Thanks, Mike. My closing point is the same one that I made on our IPO Roadshow when I asked how to think about Petco. Beyond being a mission-based, strong growth company with a terrific management team, yes, I encourage you to think about us as a high-performing retail company. We're also a digital and omni-channel innovator whose e-commerce business doubled in the last year. At the same time, we're a veterinary care and services provider whose vet footprint increased by over 50% in the last year. We are confident that the continued execution of our strategy will drive momentum across our business as reflected in our 2021 guidance, and will enable us to continue to create long-term value for shareholders. On behalf of our more than 26,000 passionate partners, I could not be more proud of our incredible performance in 2020, and we are just getting started. The hashtag PetcoStrong is something that organically became our rallying cry this year, and I see us becoming Petco stronger every single day. We're excited about the future and appreciate you being a part of our journey. With that, Mike and I will now take your questions.
Thank you. We will now begin the question and answer session. To ask a question, you may press star then one on a touch-tone phone. If you're using a speakerphone, we ask that you please pick up your handset before pressing the keys. To withdraw your question, please press star then two. Today's first question comes from Kate McShane with Goldman Sachs. Please go ahead.
Hi, good morning. Thanks for taking my question. My question centered around gross margins. It was nice to see that you were able to offset some of the pressure from the mix piece, which I know includes digital and services. So I wondered if you could maybe talk through that a little bit more, how much that mix impacted have on gross margins in Q4, and how should we think about the gross margins in the context of the guide for 2021?

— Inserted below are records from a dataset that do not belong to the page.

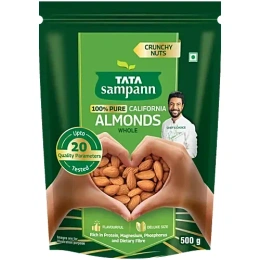 Indulge in the wholesome goodness of Tata Sampann California Almonds, 500 g, brought to you by Cyffro. These almonds are carefully sourced from the finest Californian farms to deliver exceptional quality, taste, and nutrition. Whether you're looking for a healthy snack, a boost of energy, or a versatile ingredient for your recipes, these premium almonds are the perfect choice!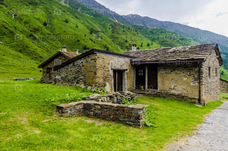 Каменные домики в алтпийской пастушьей деревне. Северная Италия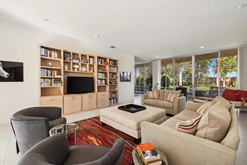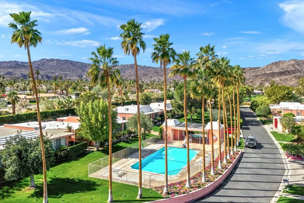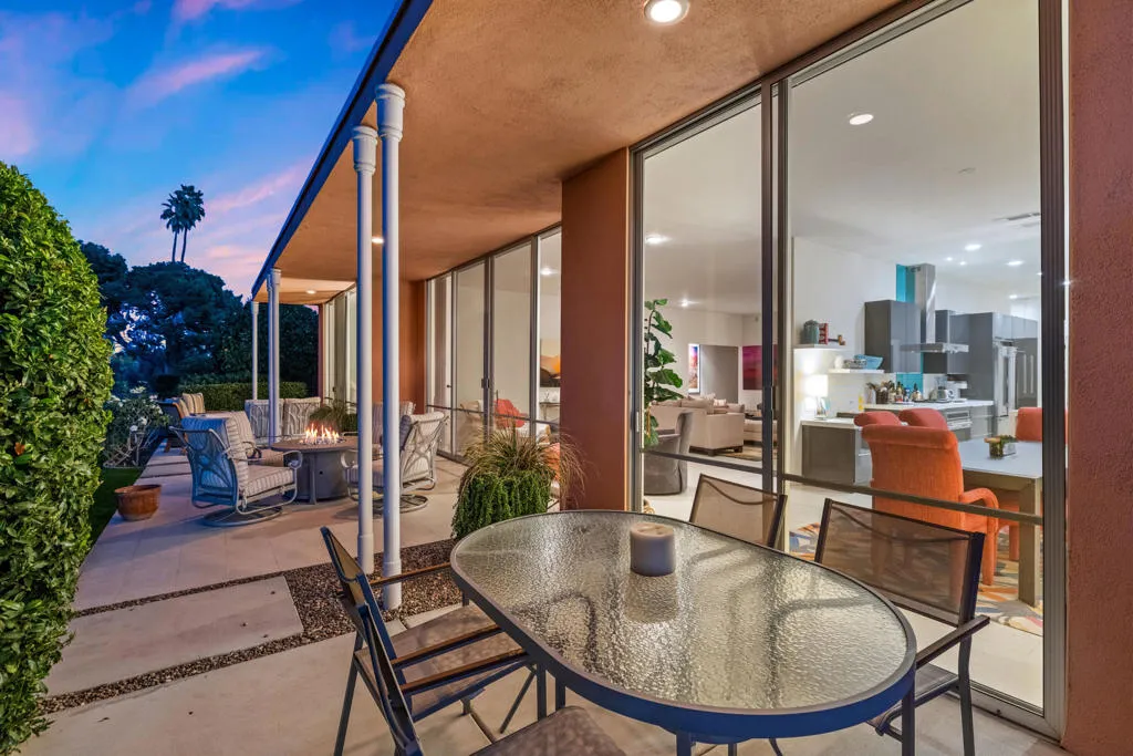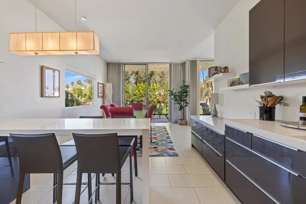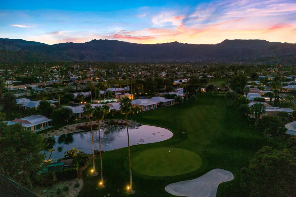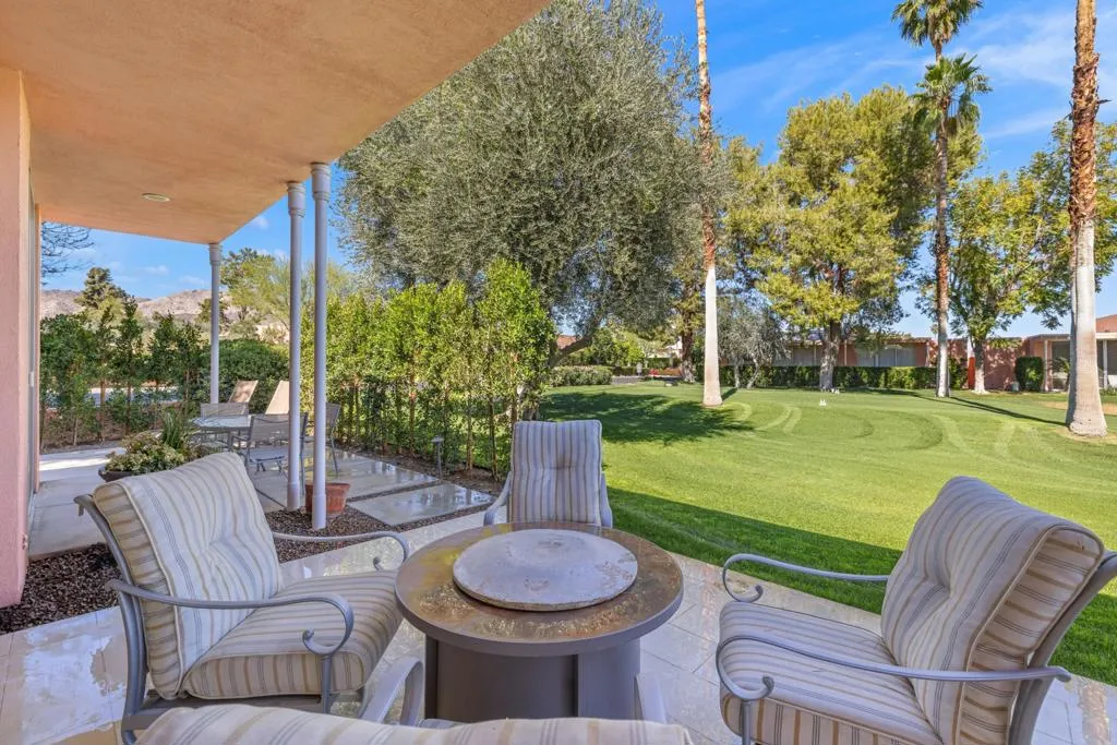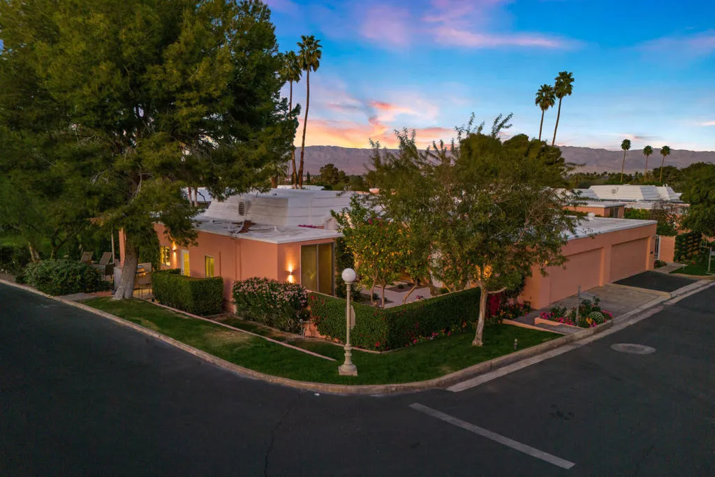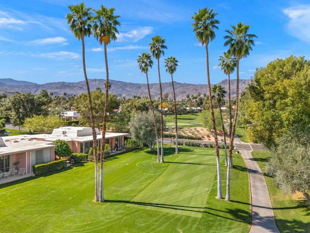 Presented in Beautiful Marrakesh Country Club, this Hollywood Regency Villa in a rare corner location features classic white wrought iron gates which open to a serene courtyard with walled greenery and pathway leading to the iconic Marrakesh double front doors. This D-plan, the largest in Marrakesh at 2,427 sq. ft., offers 3 bedrooms and 3 bathrooms in a beautifully updated design. The stunningly modern kitchen features a sleek breakfast bar, while generously sized bedrooms--with walk-in closets--offer ideal separation for privacy. The primary suite, overlooking the golf course, serves as a tranquil retreat with a luxurious spa-inspired bathroom, freestanding soaking tub, and windows framing lush greenery for a true Zen escape. Floor-to-ceiling glass flood the home with natural light and showcase fairway views of the north-facing 7th hole and spacious leisure terrace. Additional highlights include an ensuite guest room, a versatile office or den flex space, a stylish powder room, and an attached garage--elevating desert living to its finest. Marrakesh is a boutique country club with an ideal central valley location amongst a few of the desert's finest private clubs. Amenities include 18-hole private executive golf course, tennis, pickle ball, 14 pools and spa, a fitness center, and an active and newly-remodeled club house with fine dining. Marrakesh is near famous El Paseo with all of its elegant boutiques, restaurants, art galleries and coffee houses.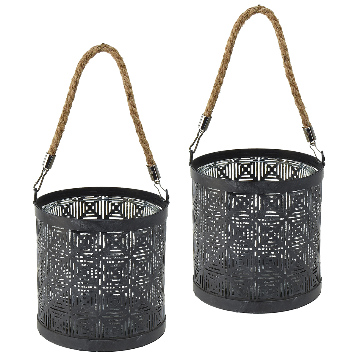 Erleuchten Sie Ihr Zuhause oder Ihren Garten mit diesem zweiteiligen Windlicht Set Anthrazit. Diese stilvolle Deko Laterne aus Metall verzaubert mit ihrem antiken Look und dem filigranen Muster, das für einzigartige Lichteffekte sorgt. Ob als Tischdekoration bei Sommerfesten oder als sanfte Lichtquelle im Wohnzimmer – diese Laterne Metall mit Henkel schafft in jedem Ambiente eine einladende Atmosphäre.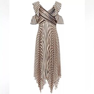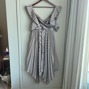 Elegant midi dress with striking black and white stripes. Features unique shoulder cutouts and a flowing hemline. Perfect for any occasion.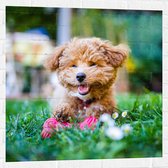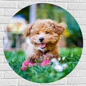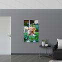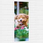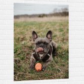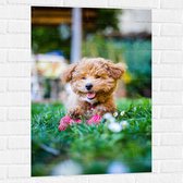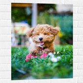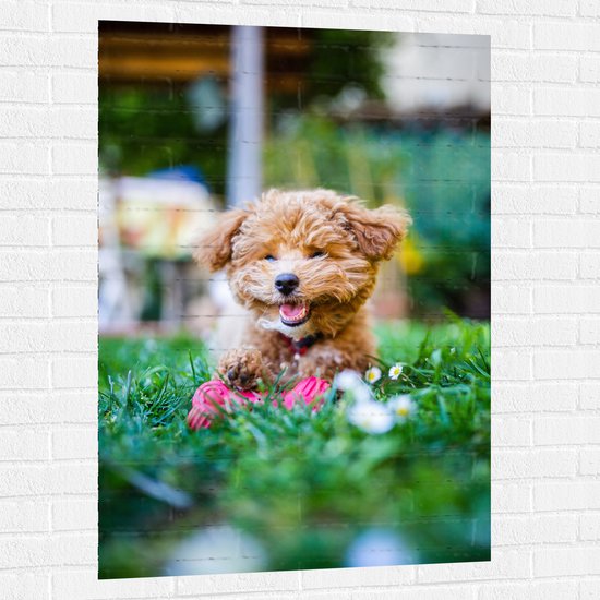 WallClassics - Muursticker - Bruine Hond Spelend in het Gras - 80x120 cm Foto op Muursticker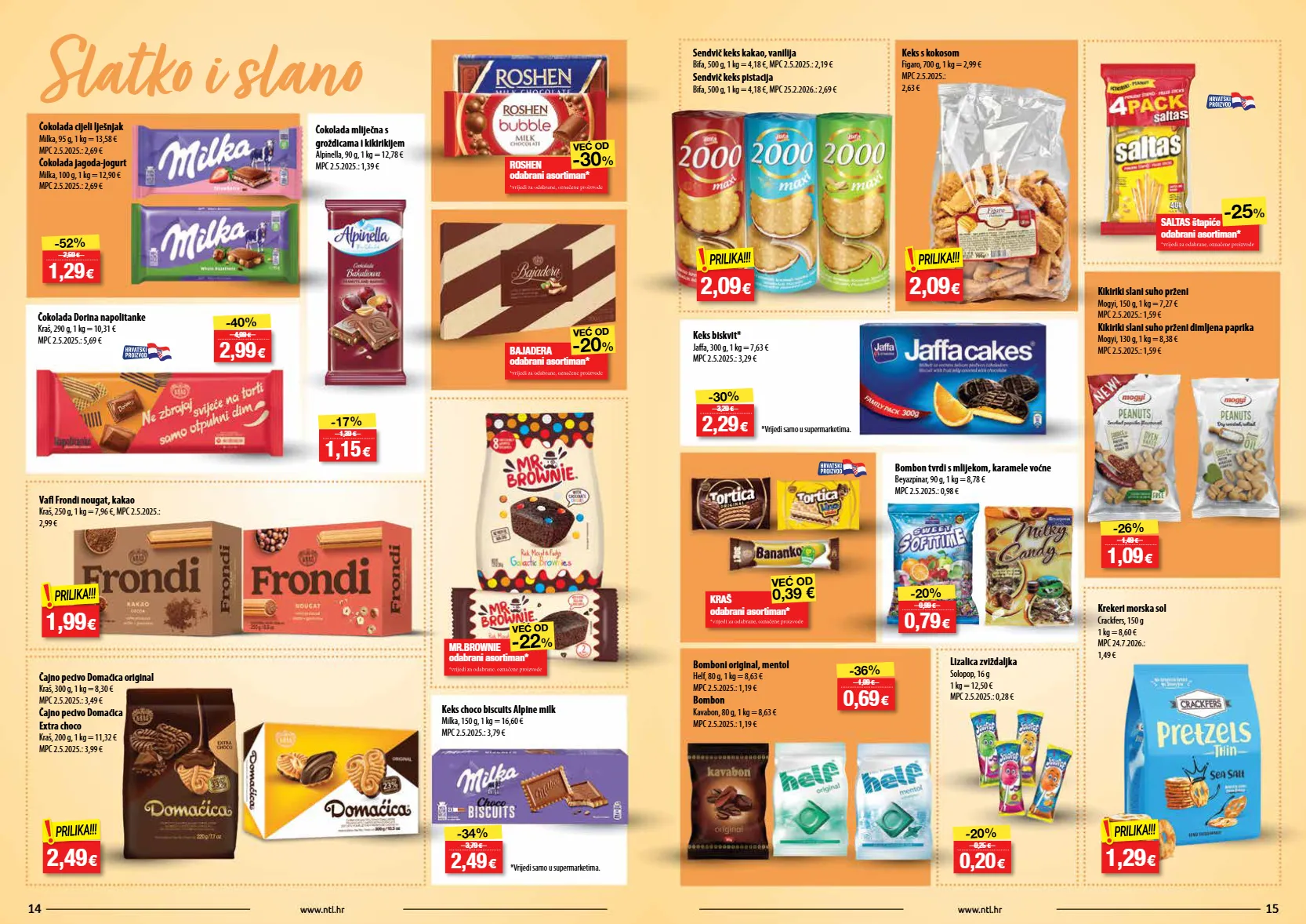 4,99 € 2,99 € -40% 2,49 € 1,99 € 2,69 € 1,29 € -52% 1,39 € 1,15 € -17% 2,09 € 1,09 € 0,69 € -36% 0,25 € 0,20 € -20% 0,99 € 0,79 € -20% 2,09 € čokolada dorina napolitanke kraš, 290 g, 1 kg = 10,31 € mpc 2.5.2025.: 5,69 € vafl frondi nougat, kakao kraš, 250 g, 1 kg = 7,96 €, mpc 2.5.2025.: 2,99 € čajno pecivo domaćica original kraš, 300 g, 1 kg = 8,30 € mpc 2.5.2025.: 3,49 € čajno pecivo domaćica extra choco kraš, 200 g, 1 kg = 11,32 € mpc 2.5.2025.: 3,99 € čokolada cijeli lješnjak milka, 95 g, 1 kg = 13,58 € mpc 2.5.2025.: 2,69 € čokolada jagoda-jogurt milka, 100 g, 1 kg = 12,90 € mpc 2.5.2025.: 2,69 € čokolada mliječna s grožđicama i kikirikijem alpinella, 90 g, 1 kg = 12,78 € mpc 2.5.2025.: 1,39 € keks s kokosom figaro, 700 g, 1 kg = 2,99 € mpc 2.5.2025.: 2,63 € bomboni original, mentol helf, 80 g, 1 kg = 8,63 € mpc 2.5.2025.: 1,19 € bombon kavabon, 80 g, 1 kg = 8,63 € mpc 2.5.2025.: 1,19 € bajadera odabrani asortiman* -20 % već od roshen odabrani asortiman* -30 % već od mr.brownie odabrani asortiman* -22 % već od lizalica zviždaljka solopop, 16 g 1 kg = 12,50 € mpc 2.5.2025.: 0,28 € bombon tvrdi s mlijekom, karamele voćne beyazpinar, 90 g, 1 kg = 8,78 € mpc 2.5.2025.: 0,98 € sendvič keks kakao, vanilija bifa, 500 g, 1 kg = 4,18 €, mpc 2.5.2025.: 2,19 € sendvič keks pistacija bifa, 500 g, 1 kg = 4,18 €, mpc 25.2.2026.: 2,69 € 3,29 € 2,29 € -30% 3,79 € 2,49 € -34% *vrijedi samo u supermarketima. *vrijedi samo u supermarketima. keks biskvit* jaffa, 300 g, 1 kg = 7,63 € mpc 2.5.2025.: 3,29 € keks choco biscuits alpine milk milka, 150 g, 1 kg = 16,60 € mpc 2.5.2025.: 3,79 € 1,29 € 1,49 € 1,09 € -26% krekeri morska sol crackfers, 150 g 1 kg = 8,60 € mpc 24.7.2026.: 1,49 € kikiriki slani suho prženi mogyi, 150 g, 1 kg = 7,27 € mpc 2.5.2025.: 1,59 € kikiriki slani suho prženi dimljena paprika mogyi, 130 g, 1 kg = 8,38 € mpc 2.5.2025.: 1,59 € saltas štapiće odabrani asortiman* -25 % slatko i slano kraš odabrani asortiman* 0,39 € već od 14 www.ntl.hr 15 www.ntl.hr

Thanks, Kate. Appreciate it. Let me be clear. Our FY20 and fourth quarter gross margins were in line with our expectations. We will continue to drive gross margin rate improvement in each area of our business, as well as drive into high profit areas like own brands that offset that mix shift Ron Papsdorf, To digital so from a longer term standpoint, you know any gross margin rate erosion is going to be modest and moderating over time i'll let Mike double click into that though.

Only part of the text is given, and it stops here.